▶ Activity: Please transcribe exactly, and only, the lines of the data below between the line holding "福岡医健の学内には柔道整復の" and the line holding "陳書記一行首先來到學校門口,在學生值勤門", inclusive.

▶ Supplied material:
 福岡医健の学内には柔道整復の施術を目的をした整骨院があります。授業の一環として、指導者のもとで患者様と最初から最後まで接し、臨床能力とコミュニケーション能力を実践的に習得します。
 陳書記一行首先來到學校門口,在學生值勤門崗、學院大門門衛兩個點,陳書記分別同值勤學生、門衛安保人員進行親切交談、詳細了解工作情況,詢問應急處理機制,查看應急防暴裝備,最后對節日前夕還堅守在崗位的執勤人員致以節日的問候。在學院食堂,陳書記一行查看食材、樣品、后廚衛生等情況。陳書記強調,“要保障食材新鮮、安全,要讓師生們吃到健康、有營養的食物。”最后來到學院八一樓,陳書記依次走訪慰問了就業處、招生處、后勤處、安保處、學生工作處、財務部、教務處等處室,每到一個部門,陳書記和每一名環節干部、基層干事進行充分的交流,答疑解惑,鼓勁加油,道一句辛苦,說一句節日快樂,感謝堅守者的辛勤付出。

...

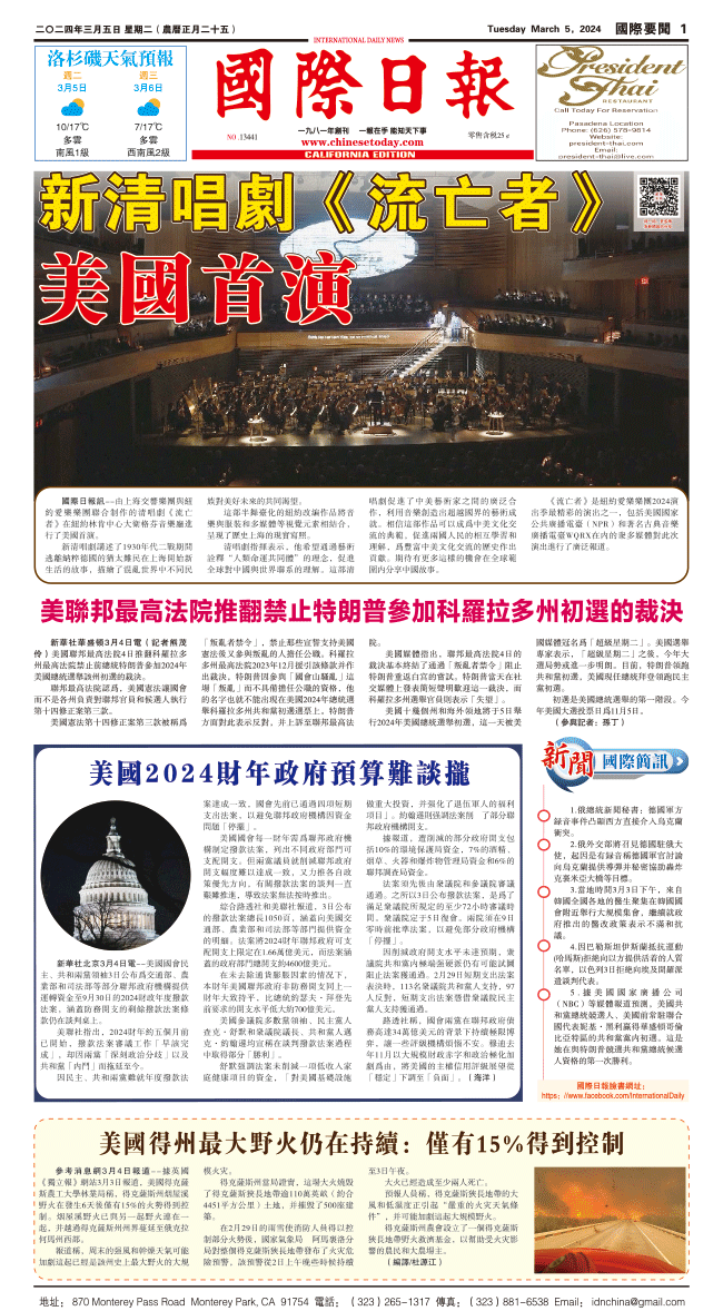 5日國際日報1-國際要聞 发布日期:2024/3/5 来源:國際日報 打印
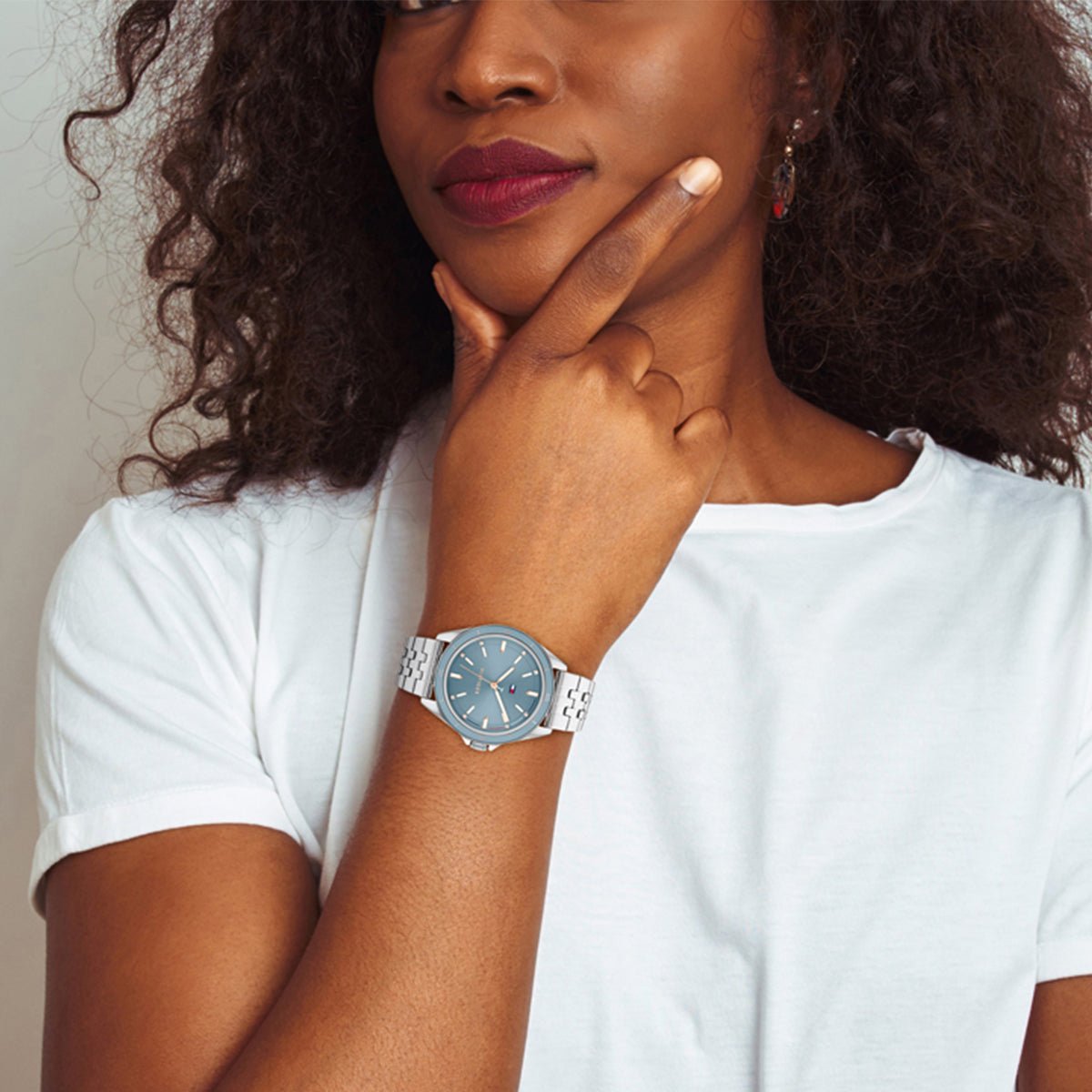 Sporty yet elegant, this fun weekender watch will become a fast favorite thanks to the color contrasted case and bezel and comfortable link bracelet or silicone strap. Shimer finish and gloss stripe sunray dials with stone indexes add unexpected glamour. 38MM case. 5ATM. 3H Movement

* * *

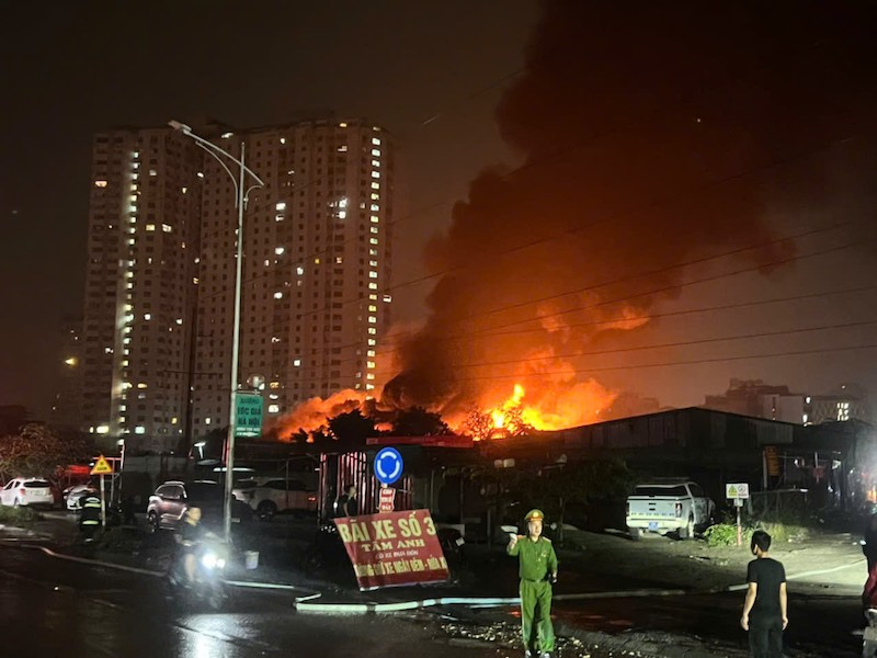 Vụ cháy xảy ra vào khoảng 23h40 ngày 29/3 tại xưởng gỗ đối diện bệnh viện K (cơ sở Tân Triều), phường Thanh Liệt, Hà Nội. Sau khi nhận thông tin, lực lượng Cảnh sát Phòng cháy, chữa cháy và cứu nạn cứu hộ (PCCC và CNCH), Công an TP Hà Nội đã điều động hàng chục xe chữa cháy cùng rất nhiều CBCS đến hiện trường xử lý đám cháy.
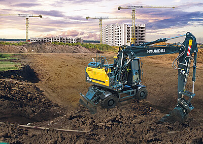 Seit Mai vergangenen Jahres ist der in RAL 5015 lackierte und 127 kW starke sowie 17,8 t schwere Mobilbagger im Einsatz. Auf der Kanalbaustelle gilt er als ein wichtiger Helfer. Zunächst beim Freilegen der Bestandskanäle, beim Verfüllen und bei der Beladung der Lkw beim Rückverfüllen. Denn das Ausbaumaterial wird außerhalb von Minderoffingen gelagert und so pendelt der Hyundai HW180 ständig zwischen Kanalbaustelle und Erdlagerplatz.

▶ Output:
 福岡医健の学内には柔道整復の施術を目的をした整骨院があります。授業の一環として、指導者のもとで患者様と最初から最後まで接し、臨床能力とコミュニケーション能力を実践的に習得します。
 陳書記一行首先來到學校門口,在學生值勤門崗、學院大門門衛兩個點,陳書記分別同值勤學生、門衛安保人員進行親切交談、詳細了解工作情況,詢問應急處理機制,查看應急防暴裝備,最后對節日前夕還堅守在崗位的執勤人員致以節日的問候。在學院食堂,陳書記一行查看食材、樣品、后廚衛生等情況。陳書記強調,“要保障食材新鮮、安全,要讓師生們吃到健康、有營養的食物。”最后來到學院八一樓,陳書記依次走訪慰問了就業處、招生處、后勤處、安保處、學生工作處、財務部、教務處等處室,每到一個部門,陳書記和每一名環節干部、基層干事進行充分的交流,答疑解惑,鼓勁加油,道一句辛苦,說一句節日快樂,感謝堅守者的辛勤付出。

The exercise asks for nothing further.